For the last few weeks we’ve had one quarrel with Jackie. Hair. And her stubbornness to not keep it out of her face. After a lovely bob she got last year around this time, her bangs grew thickly all the way bellow her jaw. We’ve been pondering a new style, a fresh haircut, while keeping the length of hair. 

We’ve mentioned a short haircut as a consequence to her not keeping her hair out of her face. Daddy said he can get the buzzer and do it himself. In this context, Conrad and I have discussed our difference of opinions often. He loves short hair. But I like Jackie’s long beautiful locks. Today her and I had a heated discussion about her unexplainable stubbornness to let her hair flow freely, because it gets into the food, she can’t see where she’s going, and she started tilting her head constantly, to see. 

After a lovely morning, playing with friends, hair in a ponytail, we had lunch and she reluctantly went down for a nap. I insisted on it because we were supposed to go to a ballet class late this afternoon. 

I could hear her shuffling in bed, talking to herself, to her dolls. Eventually I decided to go up and rub her back and lay next to her. I was so exhausted and so ready to rest. As I got up to her bed, she was pretending to be asleep. She felt my gaze. She started smiling. Then she sat up. I got near her and only then I noticed something was off. She had chopped off her hair. And inch long in the front. 
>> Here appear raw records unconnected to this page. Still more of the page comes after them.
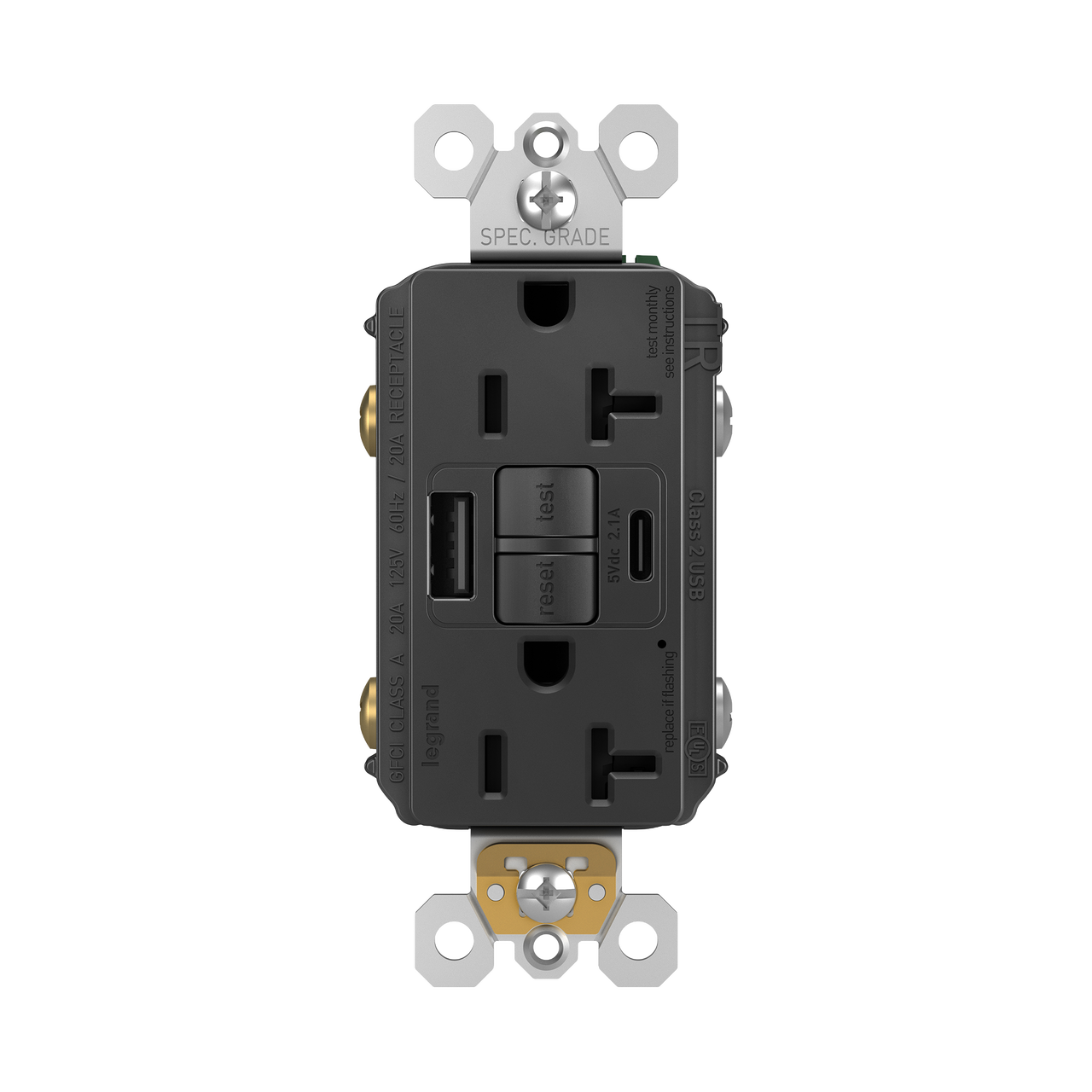 radiant® GFCI USB Outlet with SafeLock® Protection, Type A/C, 20A, Tamper-Resistant, Black
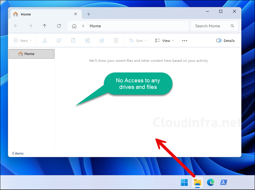 If the File Explorer namespace restrictions block is missing, or if you add the block shown below, all drive and file access will be completely blocked. The screenshot below shows that when File Explorer is opened, no contents are visible or accessible to the user.
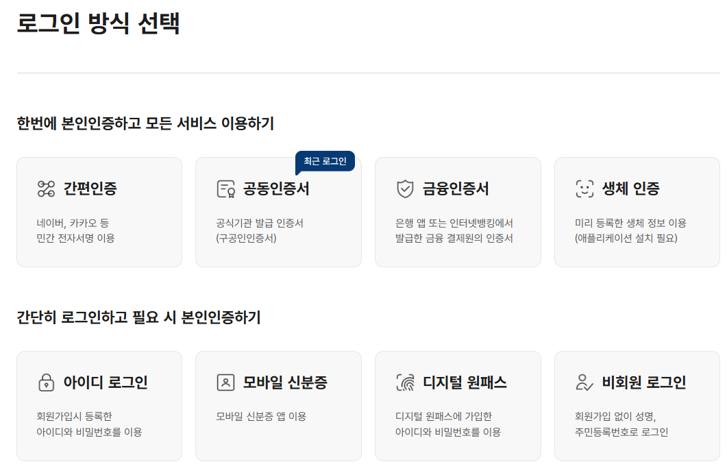 - 공동인증서, 금융인증서, 간편 인증 중 선택

  • What did you do? I ask. 
  • I cut my hair. Do you like it? she answered smiling.
  • Why did you do it?
  • So daddy wouldn’t cut it shorter. 
  • Jackie, we go to the salon to get nice haircuts.
  • But you’ve cut my bangs in the past!
  • I did. But I could measure and see what I was doing.
  • I think it’s nice. She says.
  • How did you manage? I ask.
  • I pushed the laundry basket near the sink to reach the scissors and I did it.
  • But why?
  • So I wouldn’t have hair in my face. 

At this point I called Conrad. He came. Her bedsheets had pieces of hair so I switched the bedding. The bathroom, the sink and trash were draped with long strings of blond hair. Lots and lots of it. I couldn’t quite see how bad it was. But it looked really chopped. And the front was so short. 

She kept trying to convince us it was a great idea. I was so tired, after she went to the bathroom to change her clothes, I burst into tears. She heard me. Then she burst into tears. Conrad was trying to keep us together with a calm soothing voice. He even told her it looked nice. Why was I so affected by this? I honestly still don’t know. I’ve told her to never cut her own hair when once I saw her reach for the scissors and then reaching to almost cut her bangs. We were brushing her teeth. We had a talk about it then. I guess she forgot. 

After we went to the salon, and the lady there did a pretty good job blending in the chopping, and fixing the layers, we got home and Jackie went to her room, glanced at herself in the hexagonal mirror on the wall next to her play kitchen and said: “why did I cut my bangs? I didn’t have a strong enough will.” (Strong will just like in the Frog and Toad story about biscuits). I was passing by so I asked her why she said that. She assured me that she likes her new haircut, and maybe in the fall she can do it again. “Noooo!” We went over it again. “If you want to get a haircut, please tell mommy!” I told her she did a good job layering. I was surprised actually. To which she said she saw a video on YouTube the other day, with her cousin, on how to cut hair at home. 

I don’t know if I should laugh or cry. But honestly I did not see it coming: her chopping her own beautiful hair. It will grow back, I know, and we can already laugh it off, but only after shedding some tears over chopped hair.